Когда Герман Геринг восстановил в Германии средневековый способ казни и осужденным начали рубить топором головы, изобретательные тюремщики стали использовать гильотину - "новшество" восемнадцатого века. Но молниеносная смерть показалась Адольфу Гитлеру слишком легкой карой. Осужденные должны мучительно погибать на виселице. Поэтому фюрер приказал сделать исключение только для женщин. Остальных же врагов рейха вешать.

В тюрьме Плетцензее эти приговоры приводились в исполнение в "персональных" кабинах, отделенных черными шторами от мрачного зала пыточного флигеля.
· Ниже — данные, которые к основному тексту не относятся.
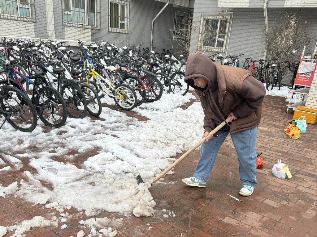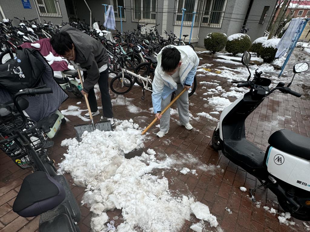 在圣井校区,辅导员们组织24级金融学部分学生开展扫雪活动。同学们迅速响应号召,带着铁锹、扫帚等工具奔赴扫雪一线。尽管天气寒冷,但大家的热情丝毫不减,干劲十足。大家分工明确,配合默契,有的负责铲除积雪,有的则负责清扫路面,摆放车子,有条不紊地推进扫雪工作。
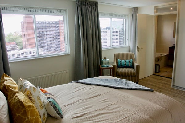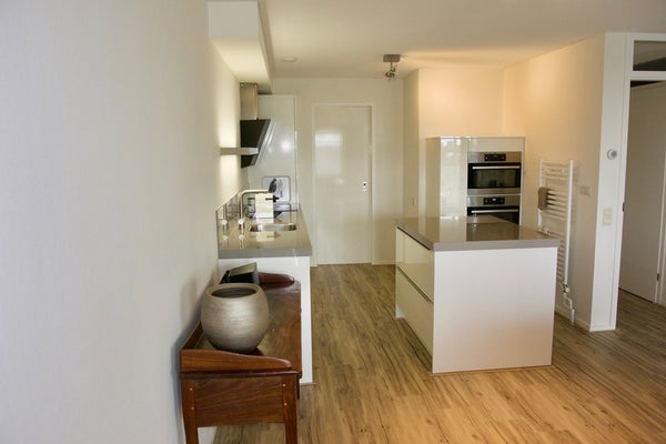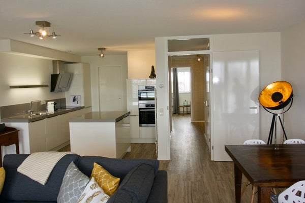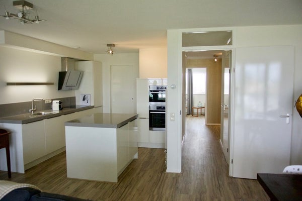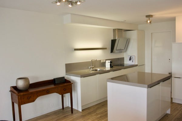 Kom in de woonkamer die veel licht biedt en een prachtig uitzicht op de skyline van Rotterdam. Je hebt een L-vormige bank, televisie en een leuke eetruimte. De keuken is verbonden met de woonkamer met kookeiland en veel kastruimte. De keuken heeft een grote koelkast met vriesvak, een combinatie van een dubbele oven en magnetron, een vaatwasser en kookplaat.
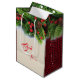 Christmas holiday gift bag shown in beige toped on front and back with a bough of evergreen with berries and pine cones; and red and black buffalo plaid print design on the sides.
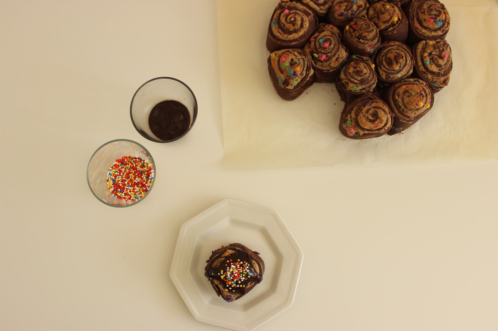 - וכן, קישטתי את אחת השושנים בגנאש שוקולד וסוכריות צבעוניות, כי כל דבר הופך לעוגת יום הולדת בעזרת קרם וסוכריות.
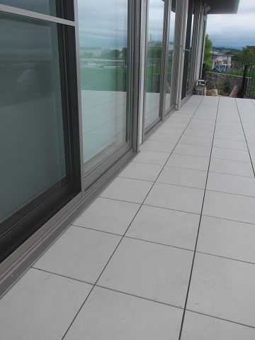 建物掃き出し窓に面したお庭の全面を、タイル貼
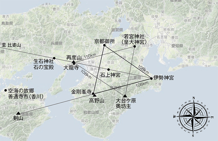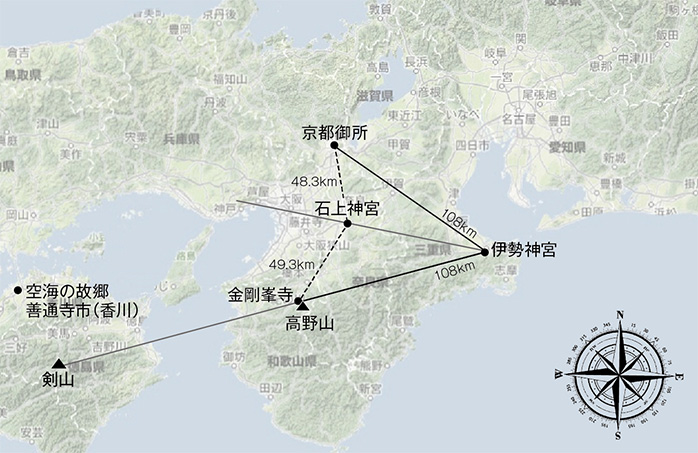 伊勢神宮 風日祈宮さっそく108㎞という距離に注視しながら、伊勢神宮から同じ距離を持つ聖地が他にも存在しないか地図上で検証してみました。もし、108㎞離れた場所に大切な聖地が存在するならば、伊勢神宮から剣山に向けて同距離を持つ場所に新しい聖地を見出すことにより、これらの聖地がすべて仮想線上に繋がる関係になると推測したのです。そこで伊勢神宮から弧を描くように紀伊半島の西方から北方に向けて108㎞離れた地点を見渡すと、北西方向に京都御所を見つけました。しかもグーグルマップの距離をみると、ピタリ、108㎞となっていたのです!これは高野山が伊勢神宮と御所、すなわち日本国天皇がお住まいになられる聖地と密着するだけでなく、しかも剣山との繋がりも持つことを目論んだ結果ではないかと、とっさに思いました。空海の父方は皇族との繋がりが深く、空海も10代の頃から奈良に出入りし、勉学に励んできました。また、京都の地を見出して天皇に進言をした和気清麻呂とも大変親しい仲にあったことから、空海にとって天皇が住まわれる京都は大切な聖地であったに違いありません。よって、伊勢神宮と剣山を結ぶ線上において、京都と伊勢の距離と同じ108㎞の地点を、空海の生涯を全うする高野山の聖地としたのでしょう。
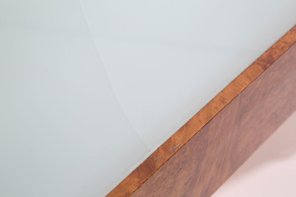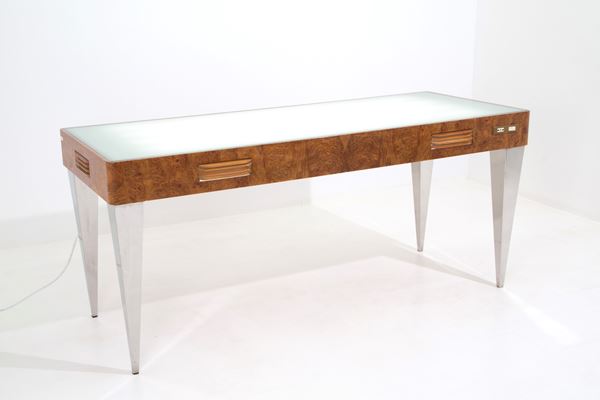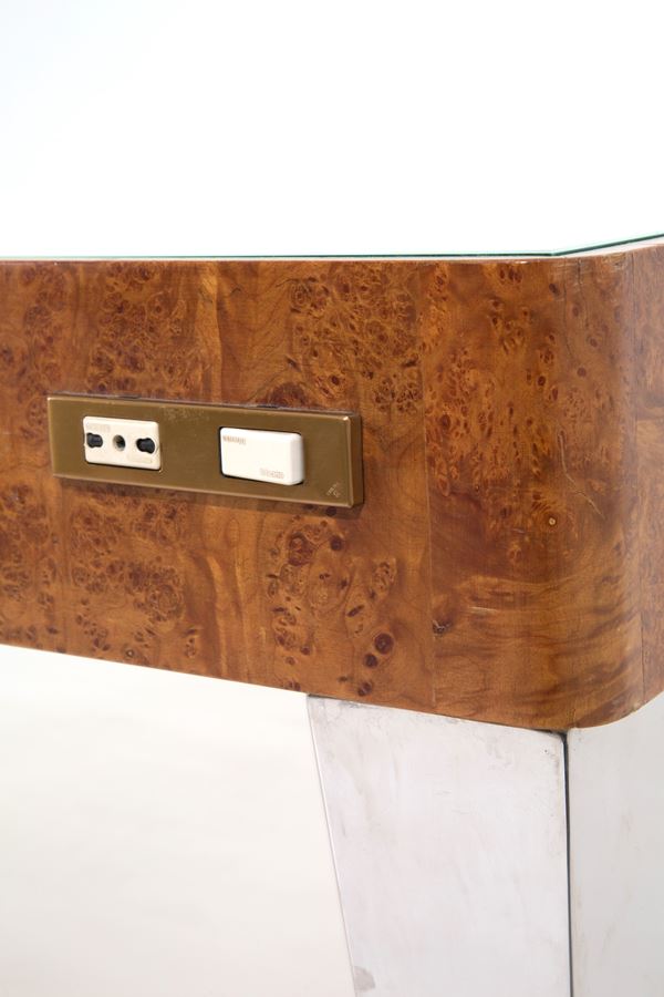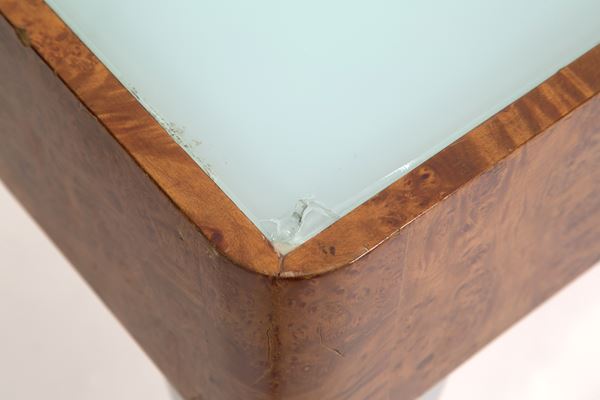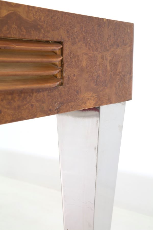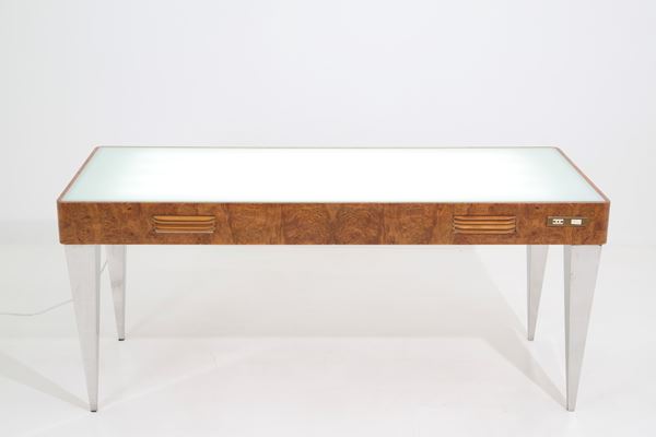 Tavolo “Luci nella notte” per lettura immagini e diapositive in legno e radica con sfoghi a persiana laterali per il raffreddamento e lampade a luce fredda all'interno. Montato su piedi in acciaio fatti a mano con piano di appoggio in plexiglass bianco e vetro sabbiato. 1981. Esemplare unico.

Тюремный священник Гарольд Пельхау был единственным свидетелем последних часов жизни людей, приговоренных к смерти. Добрыми печальными глазами, тихим голосом Гарольд Пельхау сразу же располагал к себе, он совершенно не походил на работников этого зловещего учреждения. Пастор ходил из камеры в камеру, тихо здоровался, спрашивая, чем может быть полезен, не хотят ли узники обратиться с последней просьбой. Он оставался наедине с обреченными, дабы наполнить души узников смирением, ободрить их перед страшным испытанием…

Но на этот раз слова священника оказались ненужными. Перед казнью советские подпольщики держались с достоинством, были спокойны. И уж совсем непостижимым для гестаповских палачей были их предсмертные крики: "Да здравствует Советская Родина!", "Да здравствует Сталин!".

И это несмотря на то, что усатый кремлевский диктатор, с именем которого они умирали, назвал военнопленных изменниками Родины, обрек на позор и преследования, на положение изгоев в своей стране даже после блистательной Победы.

Такая же участь ожидала и автора этой книги, отправленного из Берлинской следственной тюрьмы гестапо для уничтожения в лагерь смерти "Форт № 7" Каунаса и совершившего побег на волю, в партизанский лес.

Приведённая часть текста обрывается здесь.